3.7.xiii. It is further noted that the assessee is relying on a Cash Flow chart for computing the undisclosed income on Asset theory. When this Cash flow chart is perused, it comes to notice that no dates are given for the inflow and outflow of cash and the benefit has been taken in a consolidated manner. To put it simply, if the assessee has cash inflow of Rs. 50 in the first year and of Rs. 100 in the second year, and simultaneously he has invested. Rs. 100 in the first year, it means that in the first year he had earned at least Rs. 100, which was spent partly out of the declared cash inflow of Rs. 50 and the remaining amount of Rs. 50 was also undisclosed income which has not been declared. If however the cash inflow of Rs. 150 (100 + 50) is shown in consolidated manner without reference to the respective dates, the excess of Rs 50 spent in the first year out of the remaining undisclosed income not disclosed by way of cash flow statement would remain hidden and not come up for taxation. There can not be any question of drawing cash flow chart without reference to the respective dates of receipts and payments individually.

3.7.xiv. It is further noted that the assessee's capital as at the close of the block period on 6.2.2003 has been shown at Rs. 10224428/- and within a span of period of less than two months it had increased to Rs. 1,78,40,265/- as on 31.03.2003. What is the way for arriving at the figure of the opening capital for the block period and basis for showing the income for the block period is beyond understanding. A jugglery of figures has been made which is not properly substantiated so as to confuse the Revenue authorities in reaching the determination of correct undisclosed income of the block period. Such figures as adopted by the assessee are also devoid of any base as the net receipts from the vehicles are estimated for the block period and even the opening capital has been taken by adopting the cost of vehicles rather than their WDV. From the above discussion, it is more than clear that the accounts of the assessee were complex and the figures so declared were beyond the comprehension as no rational basis for the income disclosed in the block return was understandable. Neither the assessee extended any cooperation towards the completion of assessment nor had any force to support his figures declared as undisclosed income for the block period. If these accounts are not intricate and complex then which other accounts can be said to be complex, is anybody's guess. The complexity is overflowing as majority of important figures are clearly beyond the understanding of an Assessing Officer. The intricacies involved in the accounts which led to the vast difference in these figures along with other factors, as taken note of by the Assessing Officer for proposing the appointment of a special, auditor, could not have been sorted out without the help of an expert in this field, being a Chartered Accountant. In the light of these facts we are Satisfied that the accounts of the assessee were complex and the appointment of special auditor was sine qua non to determine the undisclosed income. The proposal sent by the Assessing Officer to the ld. CIT for the appointment of special auditor, as discussed in the earlier para, clearly brings out the complexity of accounts and resultant inability of the Assessing Officer to calculate the correct undisclosed income.

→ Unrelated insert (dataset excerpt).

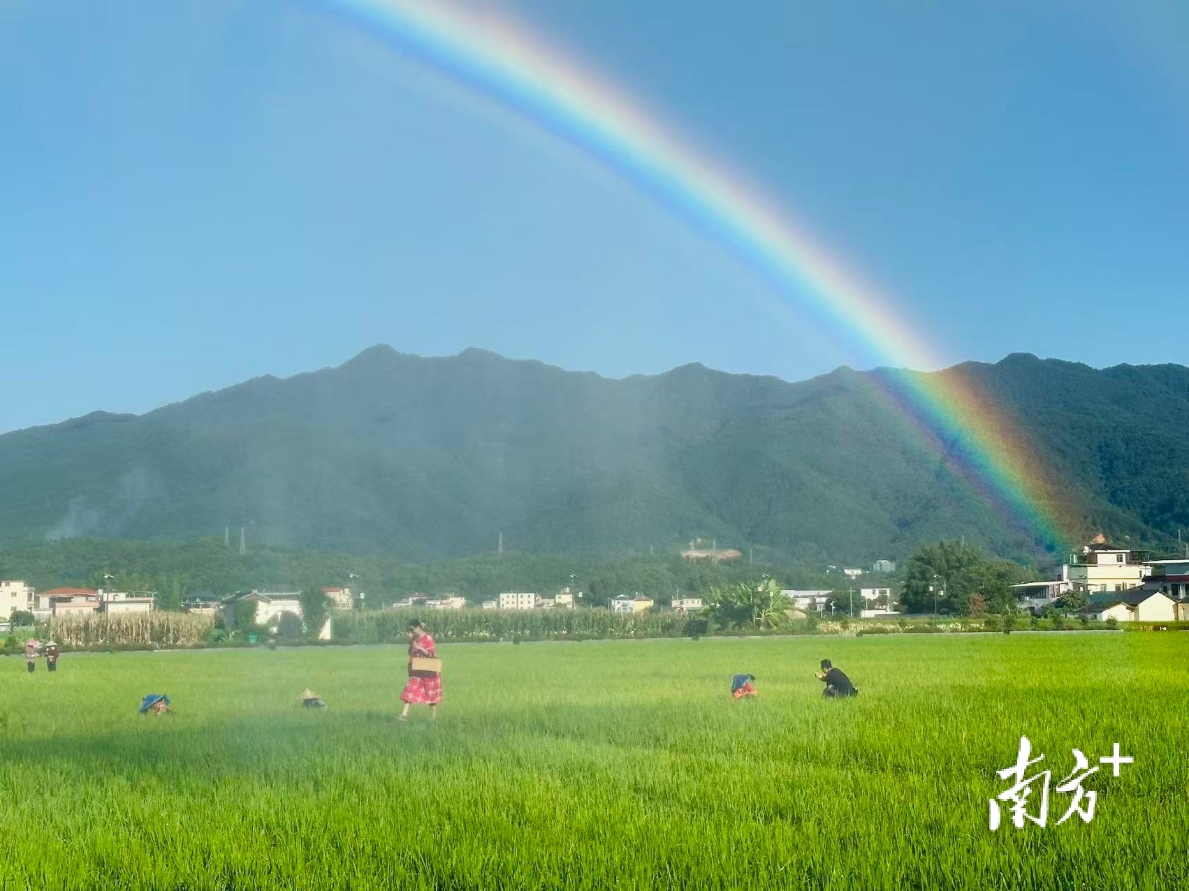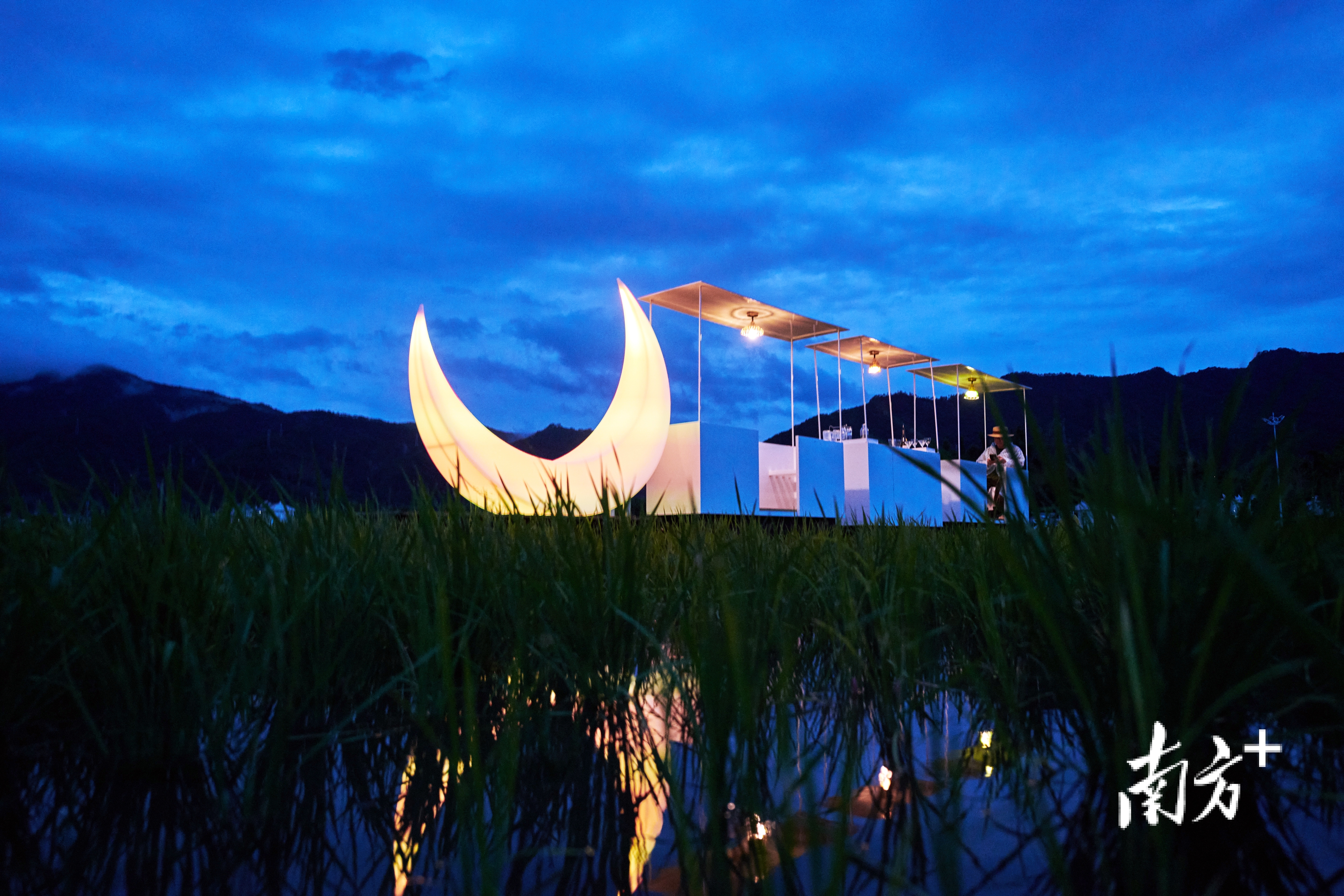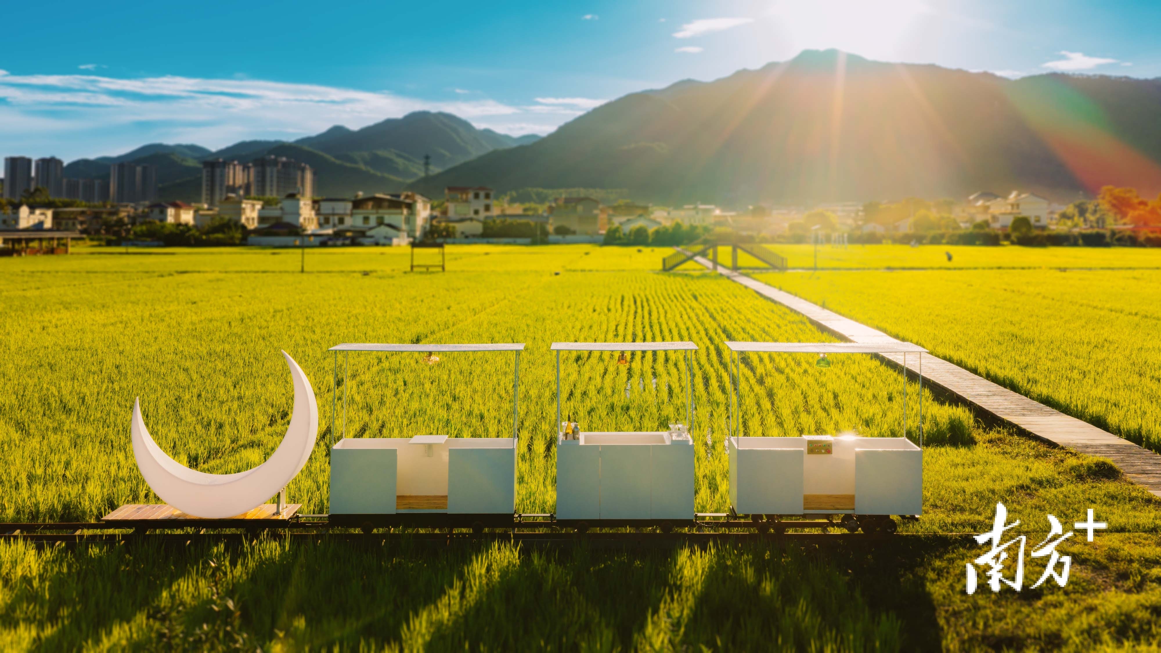 《光栖竹境》的灵感线索蜂巢和竹子,都是蕉岭当地的特产;艺术家陈文令用蕉岭的溪石,搭起了4.5米高的作品《平衡之巅》,顶部的小红人顶着镜球,倒映蓝天白云和大地肌理;艺术家刁勇的作品《稻田里的移动酒吧》,充分利用白马广场原有的火车轨道,月牙小火车装置穿行稻浪,人们在车上喝着小酒微醺,晚风拂面,乡村生活瞬间浪漫起来;艺术家杨千用科技手段,人工在稻田上“升”起了一道彩虹,让美好触手可及……

3.8.i Miscellaneous Aspects 3.8.i. The ld. Counsel for the assessee contended that direction given for conducting of special audit was vague in as much as it did not throw light on the entities whose books were to be audited. He further referred to the letter of special auditor vide which he had sought details about the concerns to be audited. A further submission was made that there was no occasion-with the Revenue to order the audit in respect of firms, etc. in which the assessee was interested as partner in individual or HUF capacity or the companies in which he was director. He submitted that the scope of the audit was unnecessarily extended to entities, which were not subjected to search. On the other hand, the ld. D.R. stated that the directions given for special audit was specific and precise as all the concerns in which the assessee was interested were liable to be considered for special audit in as much as the assessee had himself declared undisclosed income in respect of such concerns, such as, investment made in hotel at Jaisalmer, benami investments in two petrol pumps and in number of vehicles.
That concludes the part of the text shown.